> Action item:
Quote the lines below from the one containing "Autolite Sign, Red" to the final line, both ends included; exclude the pictures.

> Source records:
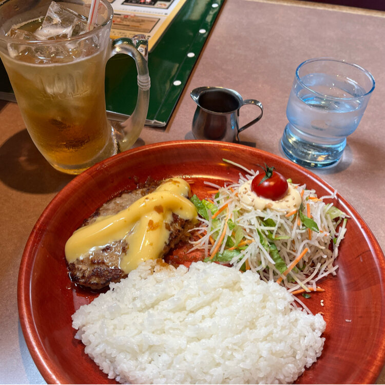 ランチはびっくりドンキーでチーズバーグディッシュ、もちろんハンバーグソースをもらってたっぷりかけて食べました☺️
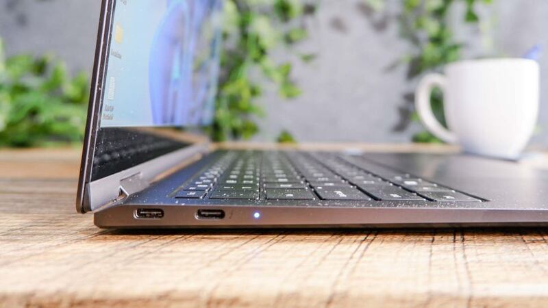 Este 2 en 1 tiene un par de puertos USB-C y un puerto USB-C/Thunderbolt 4. También tiene un lector de tarjetas microSD y un conector para auriculares. Los puertos están ubicados a ambos lados de la computadora portátil.
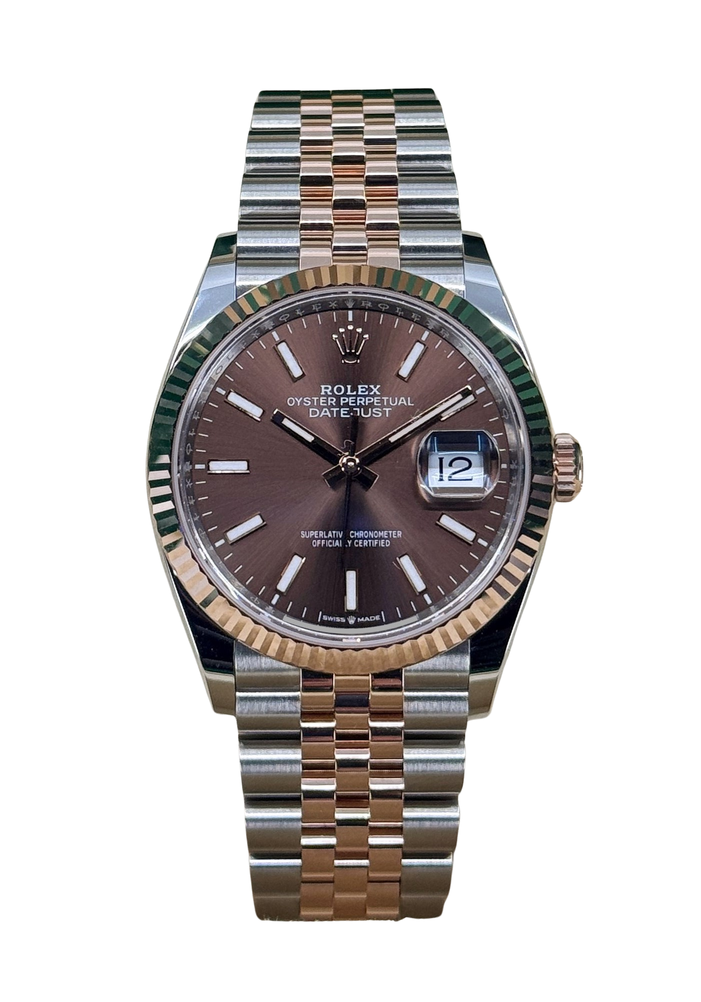 This Rolex Datejust 126231 has a chocolate baton dial and a bracelet strap. This Rolex has undergone a thorough inspection of water resistance, accuracy, functionality and condition to determine the level of reconditioning required to meet our strict standards. It has also been referenced against technical documents and manufacturer records where available to ensure authenticity and a clean history. Our watches have a 24-month warranty for your peace of mind, in conjunction with any remaining manufacturer’s warranty from new or from service. To maintain the manufacturer’s warranty on this watch, it has not been polished in our service centre.
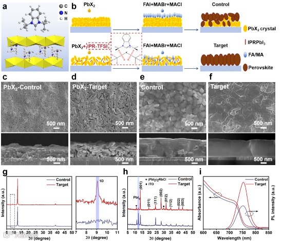 Fig. 1. (a) The molecular structure of IPR+ and side-view crystal structure of the 1D IPRPbI3 perovskite structure (the yellow octahedron indicates the [PbI6]4- unit). (b) Schematic illustration of the perovskite phase converted from the control of compact PbX2 films and target porous PbX2 films, respectively. Top-view and cross-sectional SEM images of (c) the control and (d) target PbX2 films. Top-view and cross-sectional SEM images of (e) the control and (f) target perovskite films. XRD patterns of (g) the control and target PbX2 films and (h) the control and target perovskite films. (i) UV-Vis-NIR absorption and steady-state PL spectra of the control and target perovskite films.
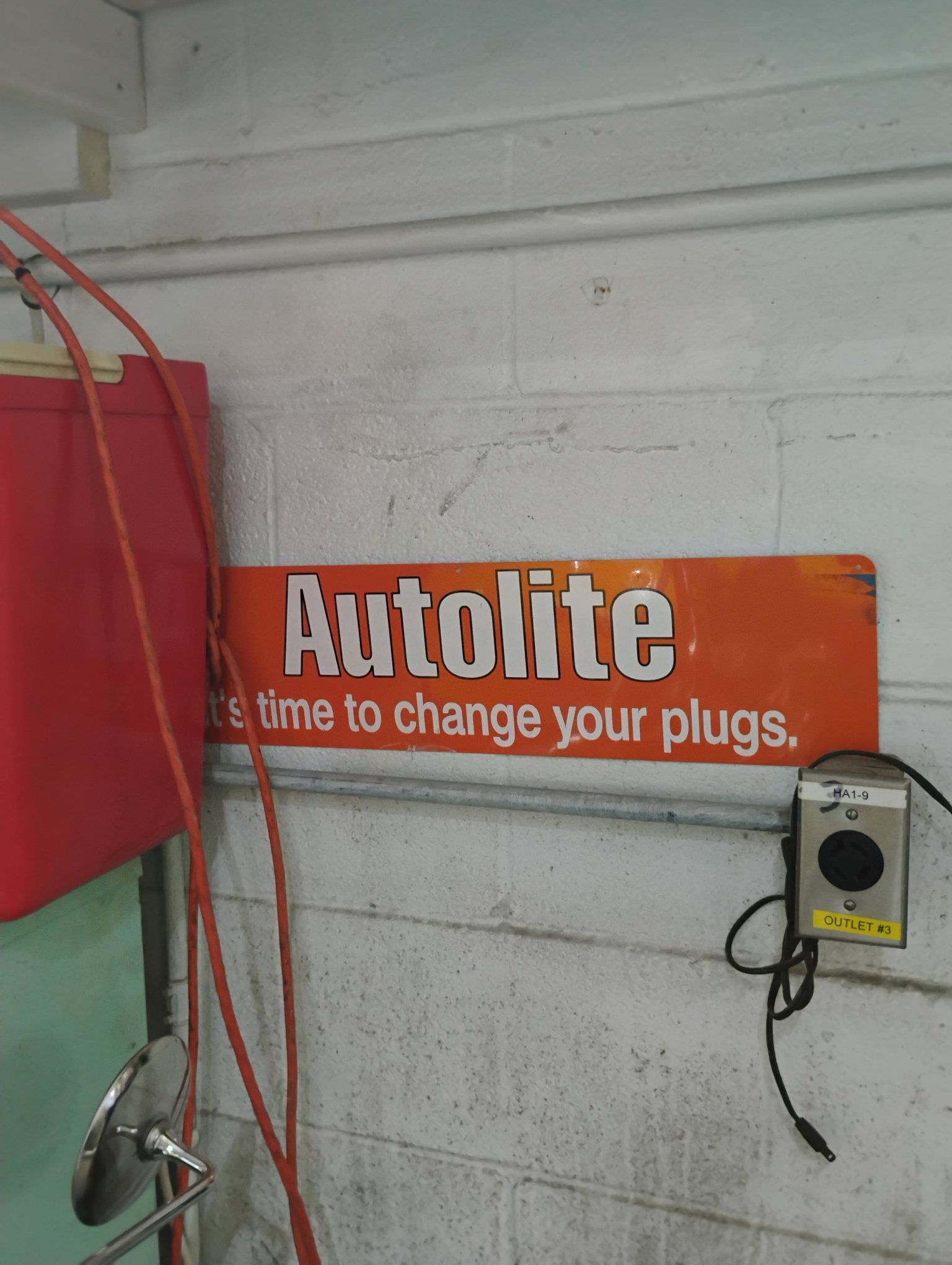 Autolite Sign, Red and White, Approximately in. x in. Please inspect all photos carefully for condition, all items are sold as is.
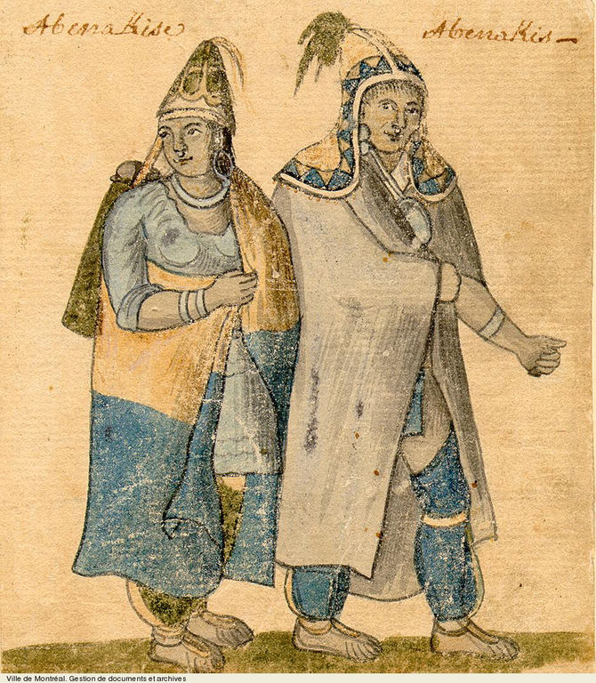 • Dessin de deux Abénakis vêtu de vêtements de tissus. Tous deux portent des chapeaux en pointe.

> Answer box:
 Autolite Sign, Red and White, Approximately in. x in. Please inspect all photos carefully for condition, all items are sold as is.
 • Dessin de deux Abénakis vêtu de vêtements de tissus. Tous deux portent des chapeaux en pointe.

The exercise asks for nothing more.